Le reclassement n’est pas nécessaire, du point de vue de l’invalidité, si la
personne assurée a été réadaptée de manière suffisante et acceptable ou
s’il est possible de lui offrir, sans formation supplémentaire, un poste
approprié et dont on peut attendre d’elle qu’elle l’accepte (RCC 1963,
p. 127; ch. 4013 de la Circulaire sur les mesures de réadaptation d’ordre
professionnel [CMRP] de l’Office fédéral des assurances sociales, état au
1er janvier 2017).
Le reclassement doit être de nature à influencer sensiblement la capacité
de gain de l’assuré ou son aptitude à accomplir ses travaux habituels, soit
pour la préserver en cas d’invalidité imminente, soit pour l’améliorer de
manière notable lorsque l’invalidité est déjà survenue (RCC 1992, p. 386,
consid. 2b; ch. 4016 CMRP).
11.2.3 Selon la jurisprudence constante, il faut encore que la personne
subisse, en l'absence d'une mesure de reclassement professionnelle, une
diminution de sa capacité de gain et présente ainsi une invalidité de l'ordre
de 20% au moins dans toute activité raisonnablement exigible et pouvant
être exercée sans formation complémentaire (ATF 139 V 399 consid. 5.3;
124 V 108 consid. 2a et b et références). La perte de gain, voire le degré
d’invalidité, est calculé selon les mêmes principes que ceux appliqués pour
déterminer le taux donnant droit à une rente (Pratique VSI 2000 p. 63;
RCC 1984 p. 95; cf. consid. 6.5 et 9.1 ci-dessous).
C-666/2018
Page 26
11.2.4 La personne assurée qui s'est vue allouer par l'assurance-invalidité
une mesure de reclassement professionnel a droit, selon les circonstances,
à des mesures supplémentaires de reclassement. Tel est notamment le
cas lorsque la formation prise en charge n'est pas de nature à lui procurer
un revenu satisfaisant et qu'elle doit recourir à des mesures
supplémentaires pour obtenir un gain comparable à celui qu'elle obtenait
dans son activité antérieure avant la survenance de l'invalidité (ATF 139 V
399 consid. 5.6; Pratique VSI 2000 p. 29 consid. 2 et références). Le droit
à des mesures supplémentaires est également ouvert lorsque le
reclassement effectué s’avère inefficace parce que la formation prise en
charge par l’AI n’est plus adaptée au niveau de formation demandé par le
marché du travail de sorte que l’assuré ne peut pas se réintégrer dans la
vie active (Pratique VSI 2000 p. 29 consid. 3c).
Le droit à un reclassement supplémentaire n’est plus lié à la condition que
le seuil minimal d’environ 20% requis (ATF 139 V 399 consid. 5.6) soit
toujours réalisé après l’accomplissement des mesures de reclassement
déjà accordées.

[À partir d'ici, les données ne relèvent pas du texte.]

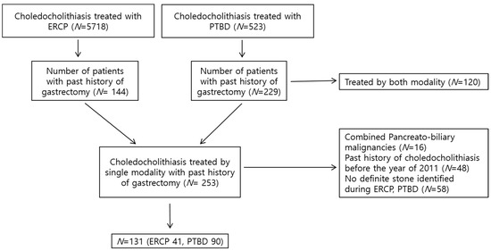 A retrospective analysis was performed on patients who underwent CBD stone removal via ERCP or PTBD between January 2011 and December 2019 for choledocholithiasis following gastrectomy.
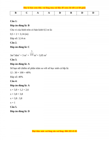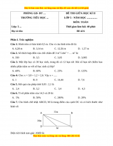 Chu vi của hình tròn có bán kính 0,5 m là: 0,5 × 2 × 3,14 (m) Đáp số: 3,14 m Câu 2. Đáp án đúng là: C 3m2 5dm2 = 3 m2 + m2 = 3,05 m2 Câu 3. Đáp án đúng là: A
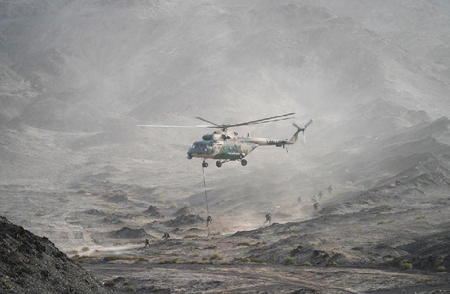 ????23日清晨,荒山丘陵遍布的庫爾勒訓練基地,某特戰旅特戰分隊乘坐直升機迅速向“恐怖分子”的營地機動,演練的第一個課目就這樣毫無征兆地打響。
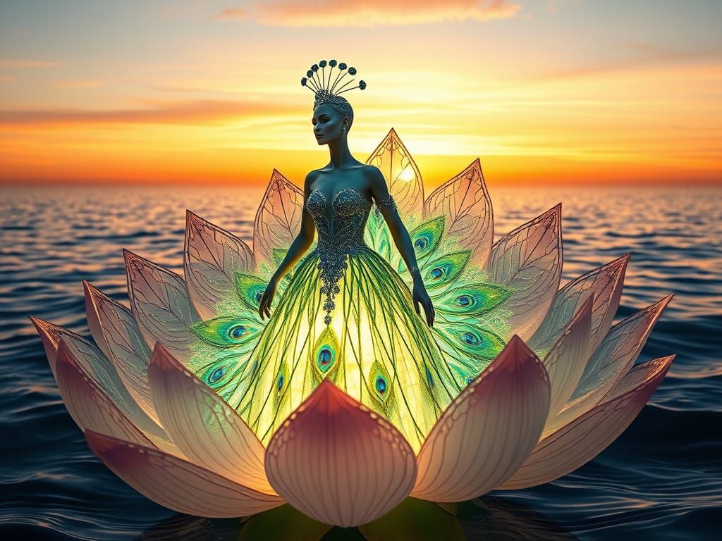 A striking picture of a peacock empress emerging from a glowing lotus. She stands in a solar gown shimmering with emerald and sapphire hues, in a cinematic and otherworldly style.
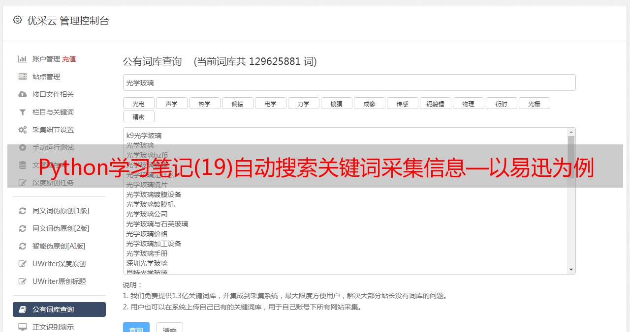 优采云 发布时间: 2020-08-25 00:01Python学习笔记(19)自动搜索关键词采集信息—以易迅为例
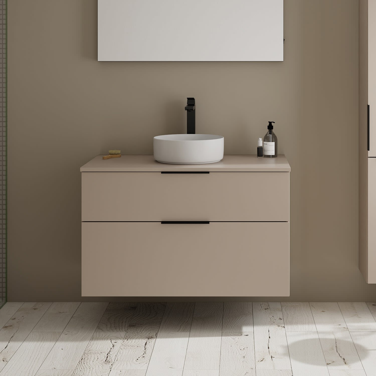 Aufsatzwaschtisch „Silenio“ 90 × 46 cm, ohne Hahnlochbohrung in warm grey 60, mit Perl-Effekt
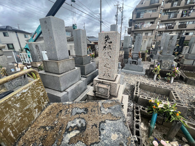 刈谷市内地域墓地にて、昭和50年建立8寸角石塔 お墓仕舞いの施工をさせていただきました。
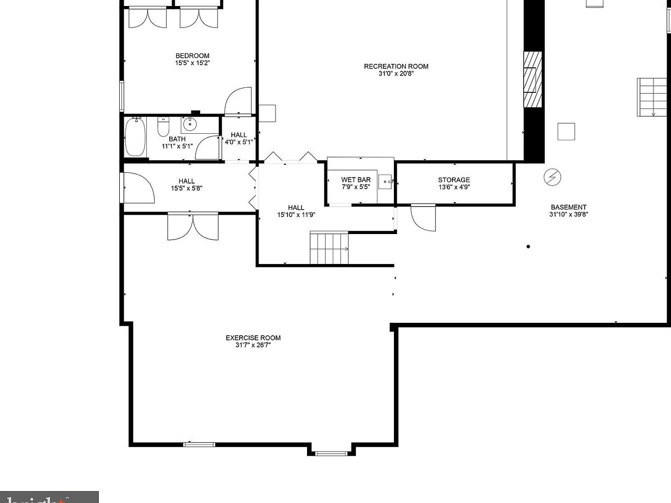 This spacious basement layout features multiple designated areas to cater to varied lifestyle needs. It includes a large exercise room measuring 31’7″ by 26’7″, perfect for fitness enthusiasts, adjacent to a bedroom with easy access to a full bath. A central hall connects the bedroom and bath to a generous recreation room, ideal for gatherings or entertainment. The layout also includes a wet bar for convenient refreshments, as well as a separate storage space. The staircase is centrally located, providing seamless transitions between floors, emphasizing functional flow and practical living use.
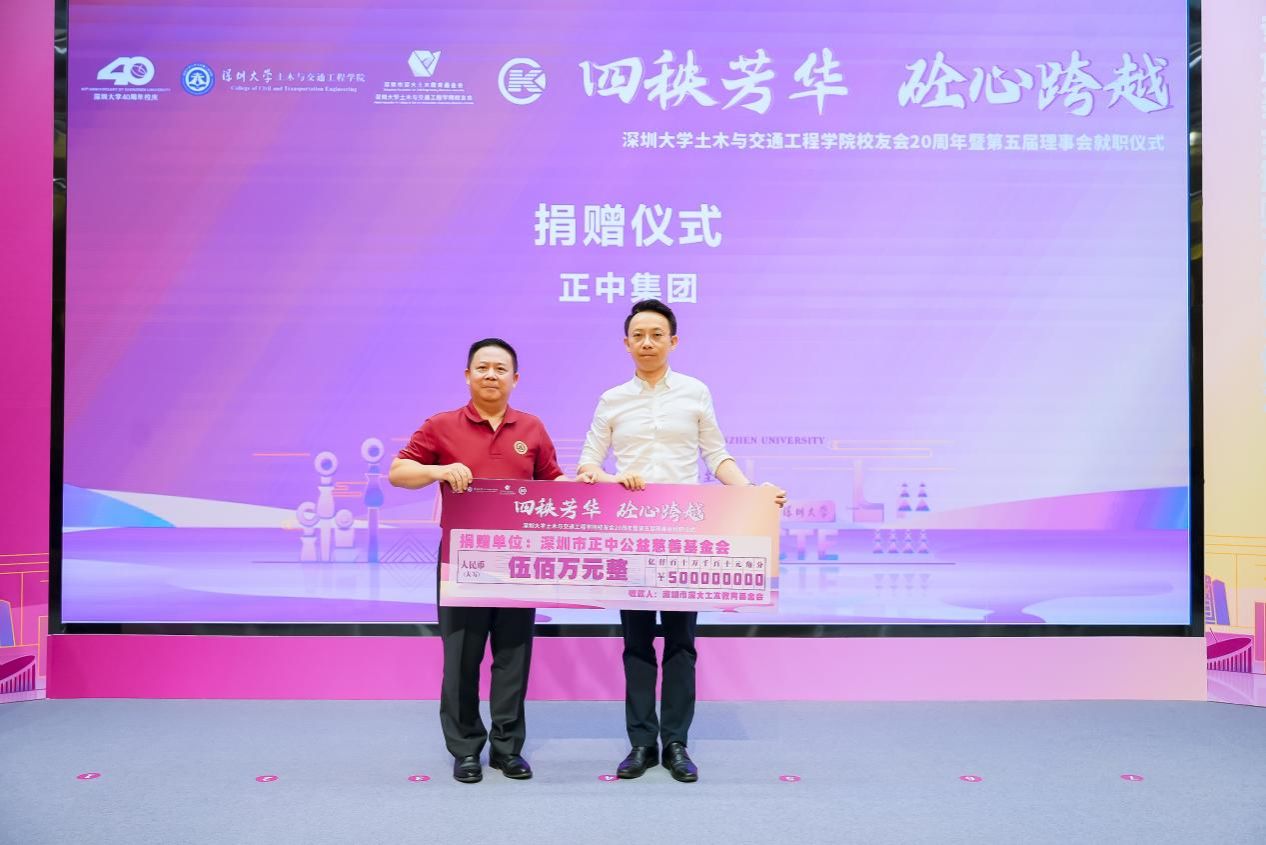一直以来,学院和校友会、基金会的发展得到了优秀校友们和社会各界的大力支持。今年,深圳市深大土木教育基金会收到了多家企业的爱心捐赠。正中集团向深圳市深大土木教育基金会捐赠500万元;海岸集团捐赠500万元;深圳达实智能股份有限公司捐赠40万元;深圳市城市交通规划设计研究中心股份有限公司捐赠30万元。
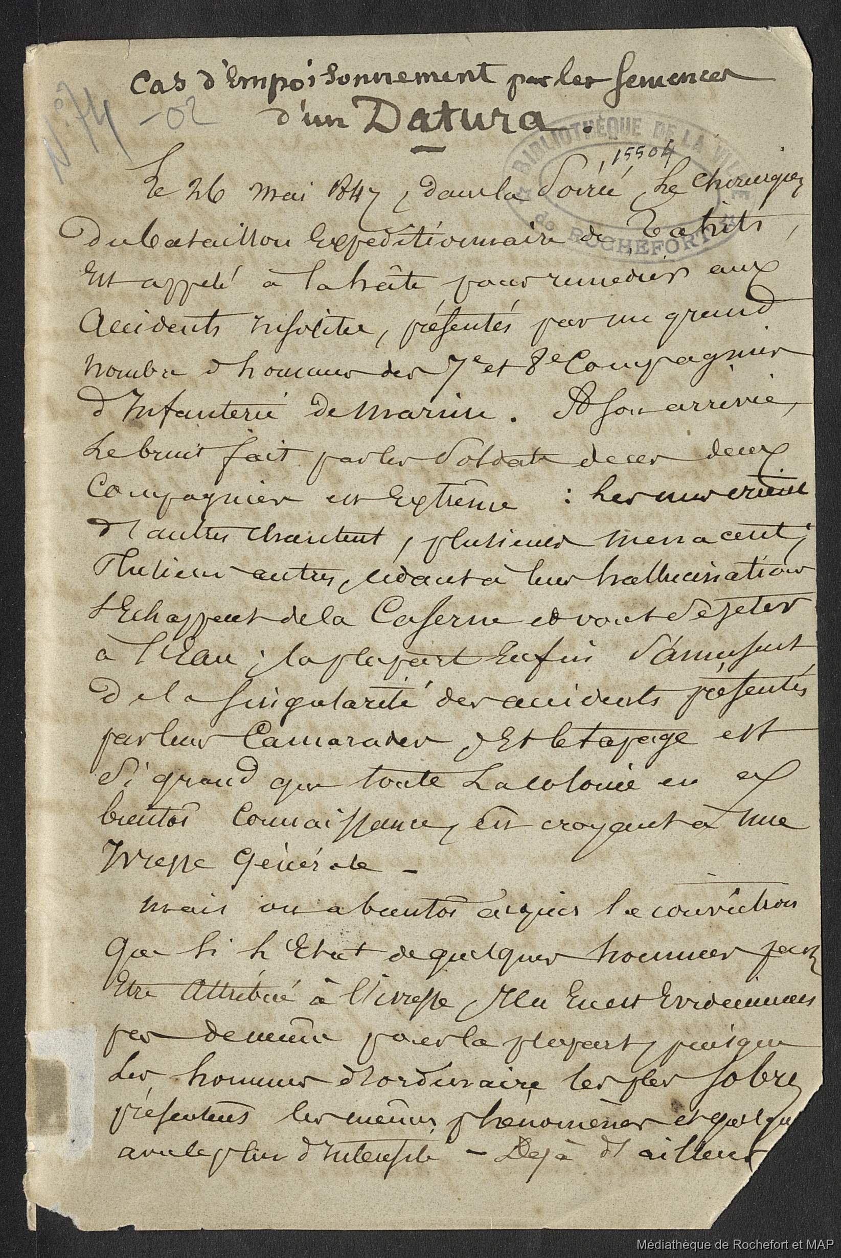 Lesson, Pierre-Adolphe [accessed: 2026/2/11]. "Cas d'empoisonnement par les semences d'un Datura (B172996201_Ms00074-2)" (Object Id: 159130). In

La question de savoir si une formation supplémentaire est
nécessaire pour atteindre l'objectif du reclassement dépend de plusieurs
facteurs (arrêt du TF I 160/06 du 10 mai 2006 consid. 1.1) et il sied
notamment de tenir compte du marché de travail équilibré afin d’examiner
si la formation prise en charge a permis à l’assuré d’obtenir des possibilités
de gain approximativement équivalentes à celles sans problèmes à la
santé (arrêts du TF 9C_913/2010 du 20 juin 2010 consid. 3.3; I 761/05 du
15 février 2006 consid. 3.1; I 586/03 du 21 octobre 2004 consid 4.2; SILVIA
BUCHER, op. cit., ch. 758 p. 373). A titre d’exemple, des mesures de
reclassement supplémentaires doivent être accordées lorsque l’état de
santé et les aptitudes de la personne assurée laissent présumer que les
mesures complémentaires engendreront une amélioration salariale
considérable (arrêt du TF I 236/99 du 12 janvier 2000 consid. 2; cf. aussi
arrêt du TF I 110/99 du 22 septembre 2000 consid. 1.1; SILVIA BUCHER,
op. cit., 758 pp. 373 s.).
11.3 Selon l’art. 10 al. 1 LAI, le droit à une réadaptation professionnelle
prend naissance au plus tôt au moment où la personne assurée fait valoir
son droit aux prestations conformément à l’art. 29 al. 1 LPGA.
11.4 L’art. 9 al. 1bis LAI précise les conditions d’assurance que la personne
assurée doit remplir pour avoir droit à des mesures de réadaptation : le
droit aux mesures de réadaptation prend naissance au plus tôt au moment
de l’assujettissement à l’assurance obligatoire ou facultative AVS/AI et
s’éteint au plus tard à la fin de cet assujettissement.
C-666/2018
Page 27
11.5 En l’occurrence, l’OAIE a rejeté le droit à un reclassement
professionnel remarquant que celui-ci n’aurait pas permis de sauvegarder
ou d’améliorer de manière notable la capacité de gain de l’assuré (AI
pces 139 et 147). L’OAI a encore précisé que l’activité de technicien
informatique pour laquelle l’assuré a été formé suite à son accident est
adaptée à son état de santé (TAF pce 6 annexe).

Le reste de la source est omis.